Mel Frequency Cepstral Coefficients approximation without FFT

Mel Frequency Cepstral Coefficients (MFCC) are commonly used as features for speech recognition that are based on our understanding of the human ear's response to pitch. They are normally calculated using the the FFT of an incoming signal. In this Notebook I try to find a way to create a Mel filter bank which does not require the FFT.

A quick introduction to the MFCC algorithm

The steps to get the MFCC are as shown.

  1. Take the Fourier transform of (a windowed excerpt of) a signal.
  2. Map the powers of the spectrum obtained above onto the mel scale, using triangular overlapping windows (usually 26 such windows).
  3. Take the logs of the powers at each of the mel frequencies.
  4. Take the discrete cosine transform of the list of mel log powers, as if it were a signal.
  5. The MFCCs are the amplitudes of the resulting spectrum.
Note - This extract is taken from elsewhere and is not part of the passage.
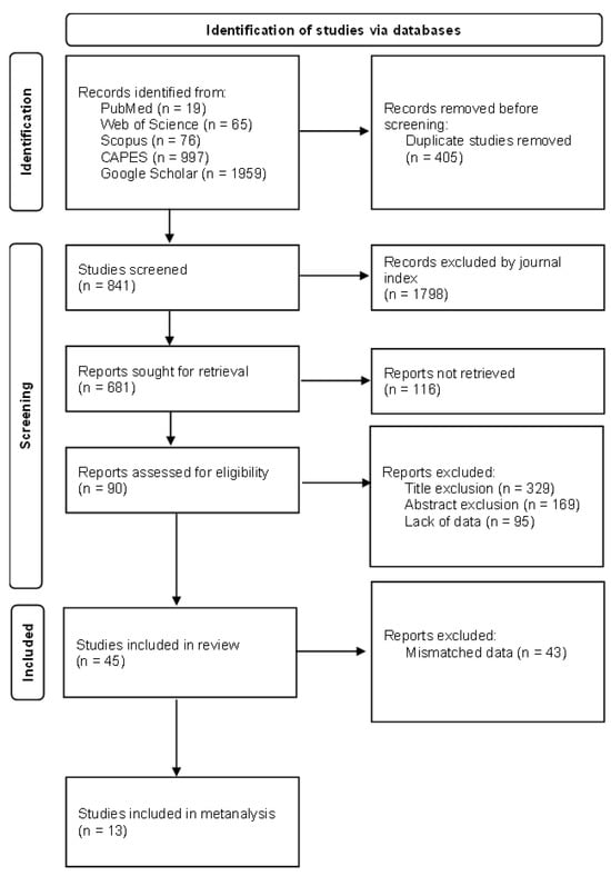 The search was conducted using PubMed, Web of Science, Scopus, Google Scholar, and the CAPES (Brazilian Higher Education Personnel Improvement Coordination) journal portals. The initial search yielded 2597 articles. English was the language used for the search. Only articles published in scientific journals using Qualis A1 to B2 (according to CAPES classification) or SCIMago Q1 and Q2 were included. The searches were conducted from February to April 2024.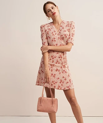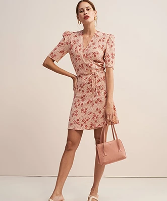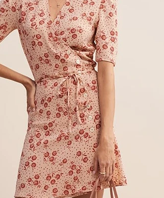 Robe Rouje, modèle Gabinette Tournesol Rose. Cette robe dispose de manches courtes, coupées au-dessus des coudes. Les épaules sont surélevées. Cette robe porte-feuille possède un col. Une ceinture intégrée viendra marquer votre taille et fermer la robe. Aussi, une boutonnière est positionnée sur la hanche gauche. Cette petite robe fluide et légère sera parfaite pour les piques niques du dimanche après-midi du mois de juin. Associez-la à une simple paire de baskets blanches et plates pour un look décontracté. Cette robe Rouje est disponible à la location par abonnement Une Robe Un soir et à la location à l’unité.

For a more indepth discussion of MFCCs take a look at this page.

Constructing Triangular Filter Banks

FFTs are expensive on microcontrollers, lets try to eliminate this step. A good starting point is to look at the triangular filters. Lets try to find a way to create similar digital filters. Triangles are essentially made of two different lines. So how do we create a filter that gives us a linear response to frequency? The answer is simple: Differentiation. Imagine a signal $$ f(x) $$, we can write this as a fourier series like so: $$ f(x) = \Sigma_{n=0}^\infty \phi_nsin2\pi nx $$ Therefore $$ \frac{d}{dx}f(x) = \Sigma_{n=0}^\infty 2\pi n\phi_ncos2\pi nx $$ Thus differentiation of a signal gives us a response where the amplitude of the output is proportional to its frequency (Note: differentiation does affect the phase but phase information is unimportant in this case). Adjusting the slope of this response is a simple matter of multiplication of the original signal. How about adjusting the x intercept of the response? Well lets look at this problem from the fourier domain. In the fourier domain we'd like to construct a filter with the following response: $$ y = m\omega + b $$ Lets take the inverse fourier transform of this expression: $$ \mathcal{F}^{-1}\{y\} (t)= \mathcal{F}^{-1}\{m\omega\}(t) + \mathcal{F}^{-1}\{b\}(t)$$ We already discussed how we can find a way of making the frequency response proportional the frequency of the signal component. Thus the only thing we need to worry about is the b term. The good news is $$\mathcal{F}^{-1}\{b\}(t) = b\delta (t)$$ i.e the Dirac delta function. Unfortunately for us converting the dirac delta to a discrete function is not quite possible. However, we could just use white noise to model the frequency response of the dirac delta function. Now the triangles are made of two lines that start at some frequency and end at some other frequency

In [351]:
import matplotlib
import numpy as np
import matplotlib.pyplot as plt
%matplotlib inline
def fill_below_intersection(x, S, Z):
    fill the region below the intersection of S and Z
    #find the intersection point
    ind = np.nonzero( np.absolute(S-Z)==min(np.absolute(S-Z)))[0]
    # compute a new curve which we will fill below
    Y = np.zeros(S.shape, dtype=np.float)
    Y[:ind[0]] = S[:ind[0]]  # Y is S up to the intersection
    Y[ind[0]:] = Z[ind[0]:]  # and Z beyond it
    plt.fill(x, Y, facecolor='red', alpha=0.5)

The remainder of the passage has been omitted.